When the last of the human rights codes across the country eliminated the upper limits on their definitions of “age”, many older workers regained human rights protection against discrimination in employment. In other words, mandatory retirement became largely illegal. When paired with a baby boomer generation that finds itself either wanting to or forced to work for economic reasons, this often creates tension in the workplace with employers wishing to pursue attrition and succession planning.

It used to be that employers were free to have the “retirement talk” with older workers, suggest the date, offer the party and perhaps a gold watch. Today, even mentioning the “r-word” can invite a human rights complaint. If the employer is singling out an employee for such a talk based on his or her age, this could mean human rights liability for the employer.
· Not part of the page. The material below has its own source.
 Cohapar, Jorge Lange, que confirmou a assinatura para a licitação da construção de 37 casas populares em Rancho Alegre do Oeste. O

Often when we’re defending these complaints on the part of our employer clients, we hear that there have been significant performance issues with the older worker, and that the employer opted to have the “retirement talk” as a means of allowing the employee to save face and plan for a graceful exit. Unfortunately, if the reason for the discussion is based to any degree on the employee’s age, then even the talk itself could prompt human rights liability.

The simple choice of language used in these meetings can be all the evidence that an older worker needs to point to age as a motivating factor. Would you talk to a younger worker about “retirement”, “slowing down” or being “old school”? If not, even making comments like this could be considered to be evidence of age discrimination, especially if they’re made as a precursor to some negative step in the employment relationship such as a termination or demotion.
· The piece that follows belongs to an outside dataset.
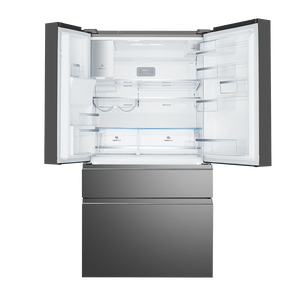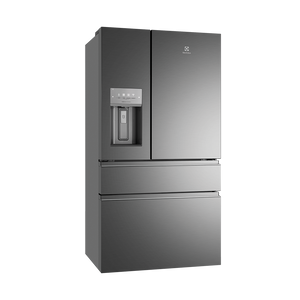 Electrolux 609L dark stainless UltimateTaste 900 french door fridge, with FlexFresh fully convertible entertainer's drawer, TasteLockAuto Easy-glide crispers with automatic humidity control, Slide-back and Flip-up shelves and in door ice & water dispenser, SmartSplit Door Design, Connectivity, Mark resistant real stainless steel, Filtered ice and water, Slide-back and Flip-up shelving, SnackZone, UltraChill, Drinks Storage, Snacks Storage, FlexStor, FreshPlus Cooling, Quick freeze function, Boost mode, TwinTech Cooling System, Electronic controls with LED display and acoustic signal, Holiday mode, R600a refrigerant, LED lighting, Frost free, Fresh Sense deodoriser.

This is not to say that your older workers are with you indefinitely. Rather, it just means that it’s time to re-think how you approach the employment relationship in the long term. Declining performance can absolutely be an issue as an employee ages, or just accumulates such long service that the desire to perform optimally is long gone. Performance management is a perfectly legal practice, but it cannot be limited to older workers alone. Revisiting performance management systems and ensuring that performance management is done on a clear and consistent basis with all workers may provide employers with more options to deal with performance problems later in the employment relationship. Employers will still have to be mindful of the duty to accommodate if performance issues relate to late-onset disabilities.

Employers that are prepared to think creatively about the manner in which they offer work, such as through the use of flexible work arrangements or contracts, may similarly find that employment relationships can be modified and updated to better meet the needs of both parties.

So, while the “r-talk” may be headed out to pasture, there are still many options for the creative and open-minded employer and the older worker.